The series MacGyver sometimes brings to mind the work of artist Zoro Feigl. In his practice, experimenting with everyday materials also takes center stage. He looks at things for what they could become, rather than what they were made for. His work radiates a sense of openness while being ingeniously constructed at the same time.
In the basement of Villa, you’ll find Phosphenes by Zoro Feigl. The title refers to the tiny spots of light you see when you close your eyes after looking into a light source. At the center of the room stands a circular sculpture filled with shimmering fabric and small mirrors, a piece of cloth that wouldn’t look out of place in a carnival shop. The fabric moves through a mechanism inside the sculpture. Light shining on this moving, sparkling fabric projects something like a starry sky onto the basement ceiling. Bright dots dance across the space, taking over the room.
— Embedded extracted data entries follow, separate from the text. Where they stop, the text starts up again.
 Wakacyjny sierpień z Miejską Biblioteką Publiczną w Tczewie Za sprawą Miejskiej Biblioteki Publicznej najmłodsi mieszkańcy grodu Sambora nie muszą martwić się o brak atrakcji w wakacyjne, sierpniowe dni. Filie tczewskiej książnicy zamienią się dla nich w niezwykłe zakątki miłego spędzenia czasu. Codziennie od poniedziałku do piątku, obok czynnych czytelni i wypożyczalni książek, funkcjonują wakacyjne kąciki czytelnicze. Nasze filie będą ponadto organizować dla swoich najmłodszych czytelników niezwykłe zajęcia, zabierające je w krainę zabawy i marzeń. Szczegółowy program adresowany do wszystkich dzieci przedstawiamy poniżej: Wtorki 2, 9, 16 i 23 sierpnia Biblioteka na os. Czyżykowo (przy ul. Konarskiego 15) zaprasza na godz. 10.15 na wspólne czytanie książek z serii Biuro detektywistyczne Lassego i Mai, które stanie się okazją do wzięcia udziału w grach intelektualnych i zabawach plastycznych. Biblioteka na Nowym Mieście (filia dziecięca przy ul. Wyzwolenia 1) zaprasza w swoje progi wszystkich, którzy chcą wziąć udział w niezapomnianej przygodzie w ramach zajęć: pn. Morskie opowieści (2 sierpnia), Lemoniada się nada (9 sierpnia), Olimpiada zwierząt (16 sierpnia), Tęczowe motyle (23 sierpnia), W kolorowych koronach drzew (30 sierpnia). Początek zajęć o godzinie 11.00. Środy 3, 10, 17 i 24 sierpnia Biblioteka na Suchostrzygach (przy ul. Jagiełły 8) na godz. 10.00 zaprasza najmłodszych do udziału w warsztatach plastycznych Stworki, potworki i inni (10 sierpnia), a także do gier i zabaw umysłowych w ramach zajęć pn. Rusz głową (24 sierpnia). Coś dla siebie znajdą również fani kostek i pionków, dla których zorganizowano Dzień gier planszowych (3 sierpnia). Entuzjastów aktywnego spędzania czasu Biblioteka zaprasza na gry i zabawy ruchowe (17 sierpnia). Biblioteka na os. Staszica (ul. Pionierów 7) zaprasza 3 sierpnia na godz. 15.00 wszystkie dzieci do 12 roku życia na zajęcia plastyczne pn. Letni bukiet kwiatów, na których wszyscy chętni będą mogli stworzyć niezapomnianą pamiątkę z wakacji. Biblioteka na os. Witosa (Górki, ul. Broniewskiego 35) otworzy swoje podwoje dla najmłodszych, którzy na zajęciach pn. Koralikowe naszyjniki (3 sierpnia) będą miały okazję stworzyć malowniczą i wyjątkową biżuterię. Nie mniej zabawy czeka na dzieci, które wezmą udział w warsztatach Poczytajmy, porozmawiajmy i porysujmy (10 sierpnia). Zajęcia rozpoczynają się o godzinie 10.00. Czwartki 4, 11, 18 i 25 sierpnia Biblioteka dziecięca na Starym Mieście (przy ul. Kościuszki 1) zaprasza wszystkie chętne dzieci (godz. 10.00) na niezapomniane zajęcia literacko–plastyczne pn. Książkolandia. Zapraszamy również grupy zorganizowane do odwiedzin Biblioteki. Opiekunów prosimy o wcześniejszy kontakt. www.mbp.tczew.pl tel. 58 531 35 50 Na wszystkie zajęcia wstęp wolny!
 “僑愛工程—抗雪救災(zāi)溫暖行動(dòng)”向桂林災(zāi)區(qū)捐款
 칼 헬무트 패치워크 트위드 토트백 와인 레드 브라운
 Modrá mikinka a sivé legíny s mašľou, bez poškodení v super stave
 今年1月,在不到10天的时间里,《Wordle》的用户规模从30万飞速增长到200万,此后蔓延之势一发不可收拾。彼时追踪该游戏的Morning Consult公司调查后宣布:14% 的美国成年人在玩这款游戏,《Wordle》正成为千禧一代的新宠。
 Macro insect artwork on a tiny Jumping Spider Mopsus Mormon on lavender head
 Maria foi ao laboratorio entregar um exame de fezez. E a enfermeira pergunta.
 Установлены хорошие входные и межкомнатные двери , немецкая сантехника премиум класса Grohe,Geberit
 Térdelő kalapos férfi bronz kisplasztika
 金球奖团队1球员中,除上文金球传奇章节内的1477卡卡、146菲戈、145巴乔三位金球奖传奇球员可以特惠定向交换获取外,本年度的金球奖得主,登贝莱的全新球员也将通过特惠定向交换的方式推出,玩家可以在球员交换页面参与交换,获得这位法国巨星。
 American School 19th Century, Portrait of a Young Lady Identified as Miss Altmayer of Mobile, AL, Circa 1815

In his work, Zoro Feigl captures natural phenomena and everyday occurrences in installations. He draws inspiration from, for example, the movement of a flock of starlings, the patterns of ripples in sand, or the light spots that dance on your retina after looking at a bright light. These are processes beyond our control. No matter how much we think we can master nature, no one can dictate how a flock of birds moves through the air. Zoro tries to capture that elusive movement and make it visible in his installations. For a moment, he gains control over the uncontrollable. But once his work literally starts moving, it escapes him again: the shiny sequins take their own path. His installations seem to develop a will of their own.
Watching
Watching Phosphenes, you know what’s going on. The fabric sways. The tiny mirrors scatter light across the ceiling. Yet something about it pulls you in. You can’t quite look away. Watching is important in Zoro’s work. He wants his works to be understood through the eyes and the body. “Watching is enough. I feel that a lot of art comes with a lot of talking, but a good work doesn’t need much explanation. Of course, a theory or text can add something, but an artwork should stand on its own even if the viewer hasn’t read the book.””[1]
Practical Beginnings
Zoro often starts his work from something practical and factual. “Many of my works are banal things that I enlarge and then try to make my own.” [2] For example, how liquid flows somewhere due to gravity. From this starting point, he created several rotating paintings with liquid paint. They are hanging conveyor belts on the wall, where paint-like liquid drips and is continuously rotated again. A moving painting where the paint never sets or stays in the same place. He then plays with the idea of infinity. His artworks have no end or narrative and only stop when he pulls the plug. And yet they are also about time—time that seems absent, but keeps ticking.
Air and Water
On the first floor of Villa, another work by Zoro hangs in front of the window, Fluid Fingers. The sculpture begins with something simple: the movement of air and liquid. It’s a subtle, rectangular piece made of two thin plates of tempered, reinforced glass, pressed tightly together with a viscous fluid in between. As the plates shift against each other, the air moves too, shaping the liquid into ever-changing forms. Light from the window filters through, turning the piece into something almost meditative. You understand what’s happening, yet you keep watching. This work needs little explanation because it comes directly from the world. And at the same time, the question arises: how does it work? “It’s remarkable that people ask, because when they see a waterfall, no one wonders how it works.”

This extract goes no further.